Over the last couple of months, the company has seen more than 60% growth. Not only have many new users signed up, but preexisting participants have interacted with the app more frequently, too. Although Nissim initially launched Brook in relation to his Type 2 diabetes diagnosis, he says that their offerings stretch far beyond the medical piece.

“In essence,” he said, “we are really looking at the whole person from a holistic viewpoint.”

While the Brook app has nutrition and activity at its core, stress is another major component; the company views users’ emotional well-being as part of their overall health. The app can access your smartphone to log steps and sleep patterns, and users can chat with experts to get personalized feedback on subjects like nutritional choices or breathing and meditation practices. (Find the app on Apple or via Google Play.)

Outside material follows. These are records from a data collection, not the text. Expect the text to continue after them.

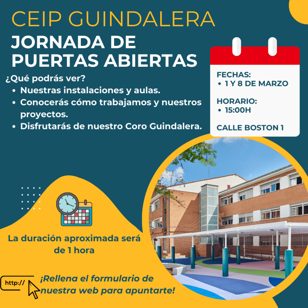 Jornada de puertas abiertas 29 febrero 2024 por AmpaGuinda, posted in AGENDA Si conocéis a familias interesadas en nuestro cole, os recordamos que los dos próximos viernes 1 y 8 de marzo habrá Jornadas de Puertas Abiertas a las 15h. (acceso por la calle Boston). ¡Que corra la voz! Email a link to a friend (Se abre en una ventana nueva) Correo electrónico Compartir en WhatsApp (Se abre en una ventana nueva) WhatsApp Compartir en X (Se abre en una ventana nueva) X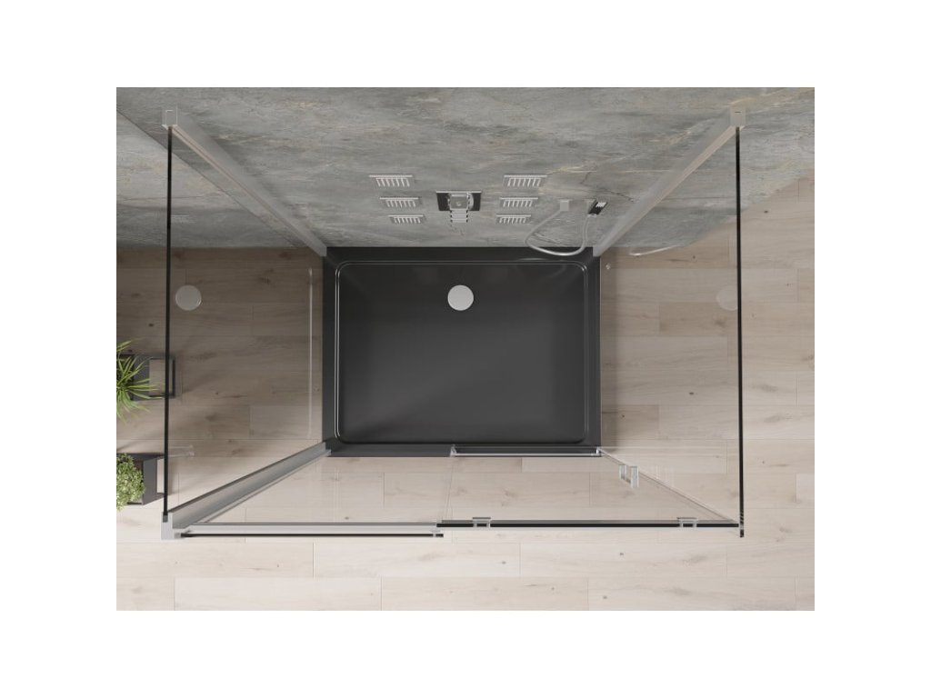 Mexen Omega sprchový kút 3-stenový, posuvné dvere 120 x 80 cm, priehľadné sklo, profil chróm + Flat sprchová vanička, čierna - 825-120-080-01-00-3s-4070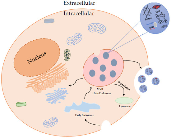 Exosomes are bioactive vesicles secreted by cells, ranging in size from 40 to 200 nm, and taking an active role in intercellular cargo and communication, constituting the important subgroup of EVs. Exosomes are formed due to endosome differentiation [39,40]. Their nanoscale components play a sophisticated role in mRNA regulation and are associated with many physiological and pathological functions [41]. Subsequent studies have shown that exosomes function as a cell-to-cell communication mediator. They can easily interact with neighbouring cells to facilitate the transfer of active molecules [42,43]. Exosomes are made up of specially ordered proteins, lipids, and nucleic acids, depending on their cell type. It has been observed that approximately 4400 different proteins, 194 different lipids, 1639 different mRNAs, and 764 different miRNAs can be found in isolated exosomes of different origins to date. This shows that exosomes may have different contents from the cells they originate from. Specific components from different cell types can also be identified. These different components reveal the exosome’s complex structure and potential functional diversity [43,44].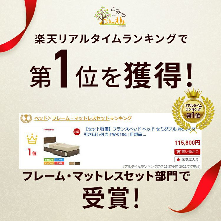 他の画像を見る コスパ抜群 フランスベッド ベッド | フランスベッド製 マットレス付き ベット マットレス 付き マットレスセット 70周年 収納 収納付き 引き出し 引出し スノコ すのこ すのこベッド 【セット特価】フランスベッド ベッド セミダブル PR70-05F 引き出し付き TW-010α | 正規品 フランスベッド製 セミダブルベッド マットレス付き マットレスセット ベッドセット マットレス付 ベット セミダブルサイズ 収納 収納付き すのこ スノコ コンパクト 日本製 3%オフ対象商品 販売価格 ¥ 139,800 税込 詳細を見る お気に入りに登録する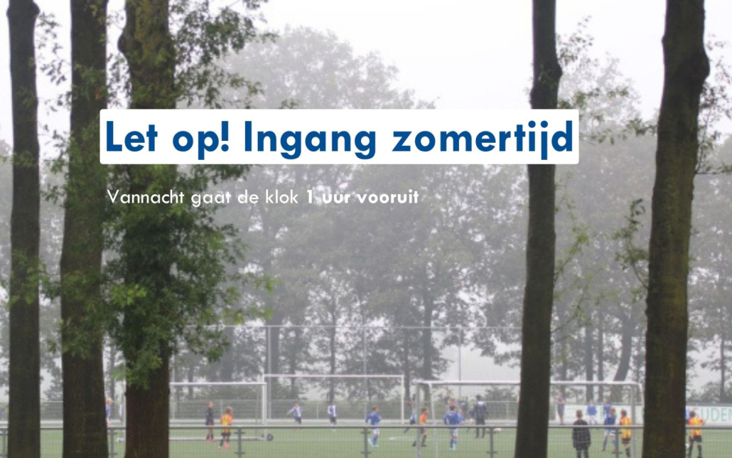 Vannacht om 02:00u gaat de zomertijd in. Dit betekent dat de klok één uur vooruit wordt gezet naar 03:00 uur. Houd er rekening mee dat wedstrijden daardoor een uur eerder starten volgens de klok.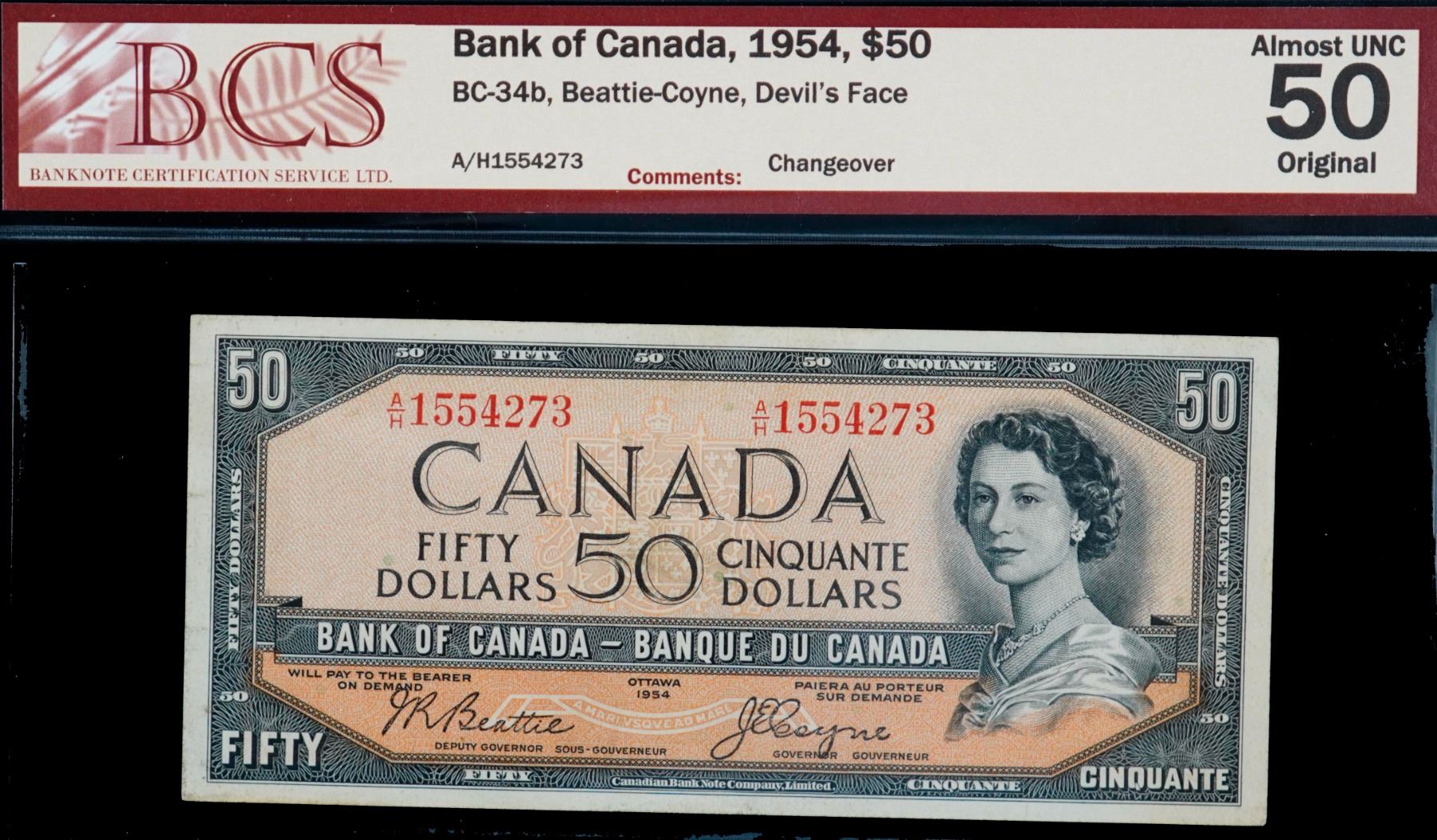 1954 $50 BC-34b #A/H1554273 BCS About Uncirculated-50 Original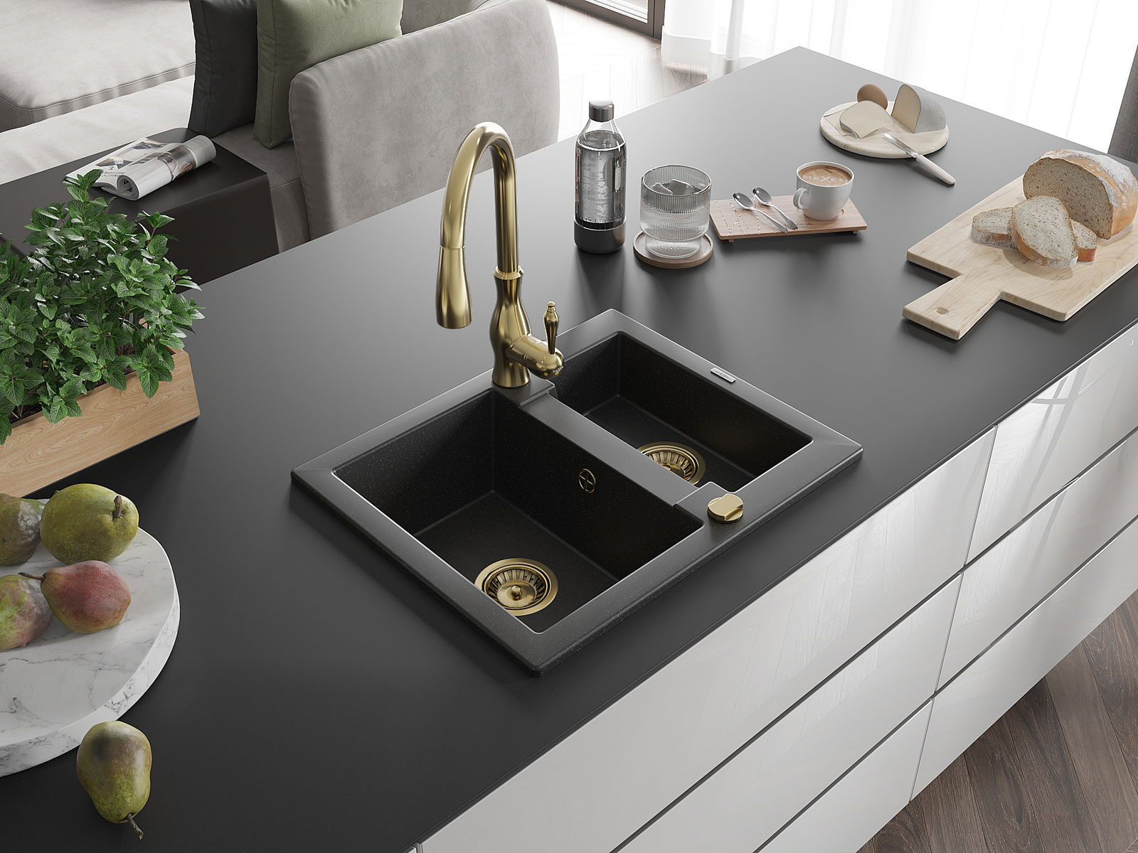 Il lavello è realizzato in granito di alta qualità. Rappresenta un complemento elegante e, soprattutto, pratico per ogni cucina, indipendentemente dal suo stile. L'alta qualità e la durata del granito garantiscono un utilizzo che dura per molti anni.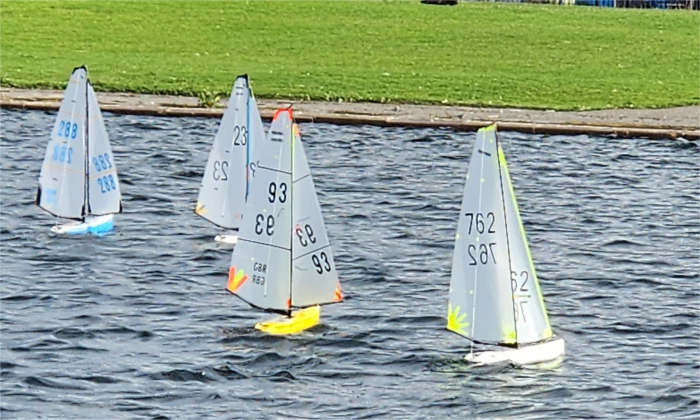 Peter was class of the field with four wins, including being tagged a couple of times so very much deserved the win. Racing was very close indeed overall, and although the wind blew more or less straight down the lake it remained very shifty, with some holes despite some quite decent pressure.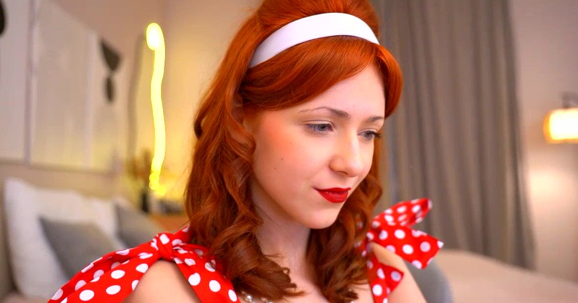The red-haired babe decided that she was Marilyn Menroe and teased with her pussy and ass in panties in a beautiful dress babe it suits you very well
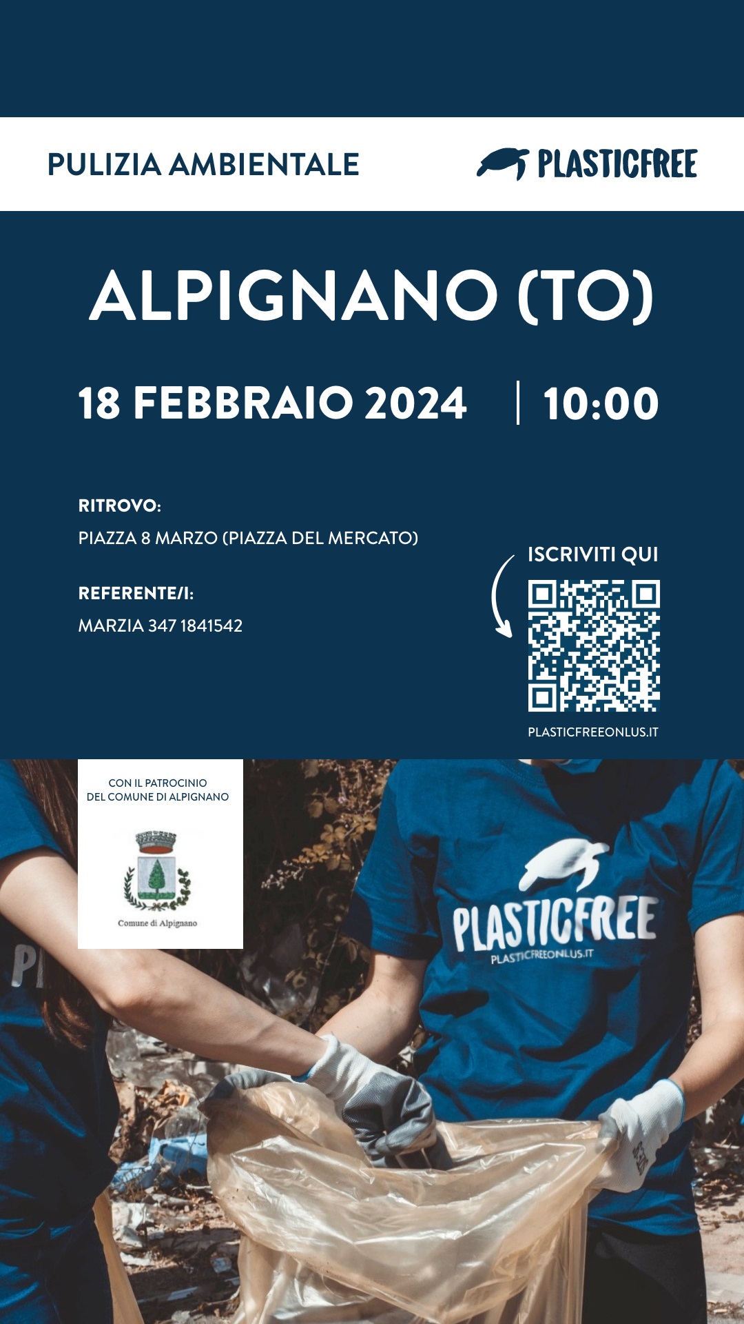 Si comunica che la prossima data raccolta 𝐏𝐥𝐚𝐬𝐭𝐢𝐜 𝐅𝐫𝐞𝐞 𝐀𝐥𝐩𝐢𝐠𝐧𝐚𝐧𝐨 si terrà 𝐃𝐨𝐦𝐞𝐧𝐢𝐜𝐚 𝟏𝟖 Febbraio 𝐚𝐥𝐥𝐞 𝐨𝐫𝐞 𝟏𝟎:𝟎𝟎 con 𝐫𝐢𝐭𝐫𝐨𝐯𝐨 𝐢𝐧 𝐏𝐢𝐚𝐳𝐳𝐚 𝟖 𝐦𝐚𝐫𝐳𝐨, 𝐞 𝐩𝐮𝐥𝐢𝐳𝐢𝐚 𝐬𝐩𝐨𝐧𝐝𝐞 𝐃𝐨𝐫𝐚 𝐝𝐢𝐞𝐭𝐫𝐨 𝐥𝐚 𝐩𝐢𝐚𝐳𝐳𝐚.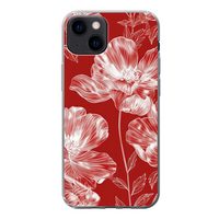 MuchoWow Handyhülle für Apple iPhone 13 Blumen - Muster - Rot - Weiß, Smartphone-Bumper, Print, Handy Schutzhülle Dünn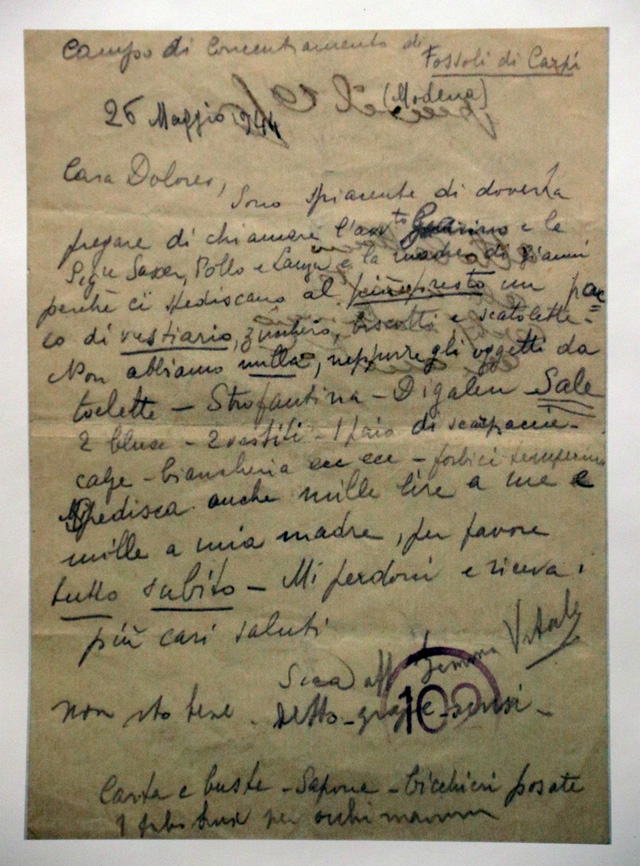 Saranno presentate al pubblico le riproduzioni di otto epistole di Gemma inviate dall’inferno di Fossoli e giunte miracolosamente a destinazione. Sono invocazioni di aiuto indirizzate a parenti e amici: richieste di cibo, vestiti, medicine, ma anche occhiali e filo per cucire. Oggi le lettere originali sono conservate al Museo Nazionale dell’Olocausto di Washington.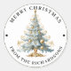 Elaborate Victorian Tree in Blue Merry Christmas Classic Round Sticker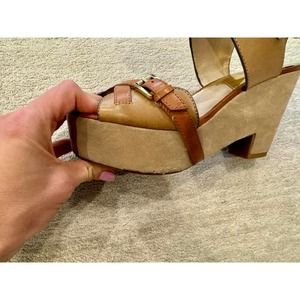 Michael Kors Brown Leather Platform Sandal Shoes - size 10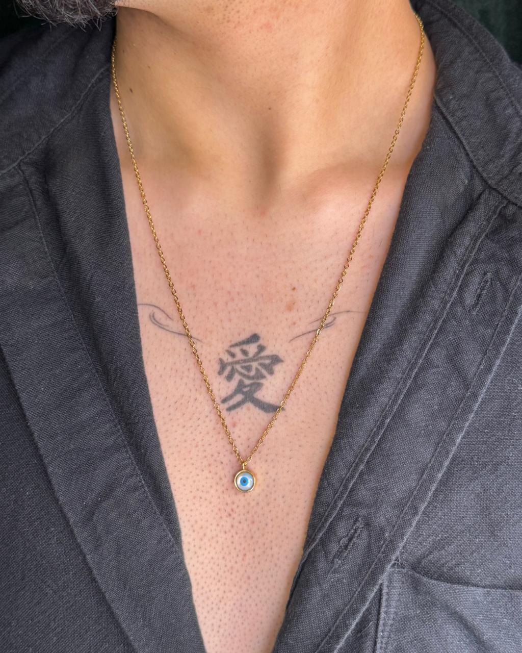 Colar em aço inoxidável com pingente de olho grego em semijoia, disponível em banho de ródio (prateado e ouro 18k (dourado).

Nissim’s team has noticed an increase in users seeming down or off-balance, even if they can’t ascribe a name to those feelings. Brook’s services also address pertinent topics like grief and loss. “We are all grieving right now about all sorts of things,” Nissim said. (He mentions missing Monday mornings even, something he may have complained about in the past.) The app offers both quick-release methods and lengthier options — like a weeklong stress-management program. “Even now that we have less of a routine, when do you actually have time to think about your own wellness?”

Additional resources

If you’re looking for a tranquil escape provided by local talents, visit The Musical Mountaineers’ new channel on Insight Timer, a platform that offers 45,000 free guided meditations.

Throughout the year, KEXP dedicates programming to addressing depression and anxiety, and also focuses on addiction and recovery issues. Listeners can also take advantage of music’s healing powers, along with KEXP DJ John Richards’ daily morning reminders: “You are not alone.” KEXP.org lists an extensive roundup of resources, ranging from the free, 24-hour National Suicide Prevention Lifeline (800-273-8255) and Crisis Text Line, to Washington programs like Mary’s Place, Seattle Counseling Service and Recovery Café.

Above all else, know that reaching out for support is absolutely, always OK.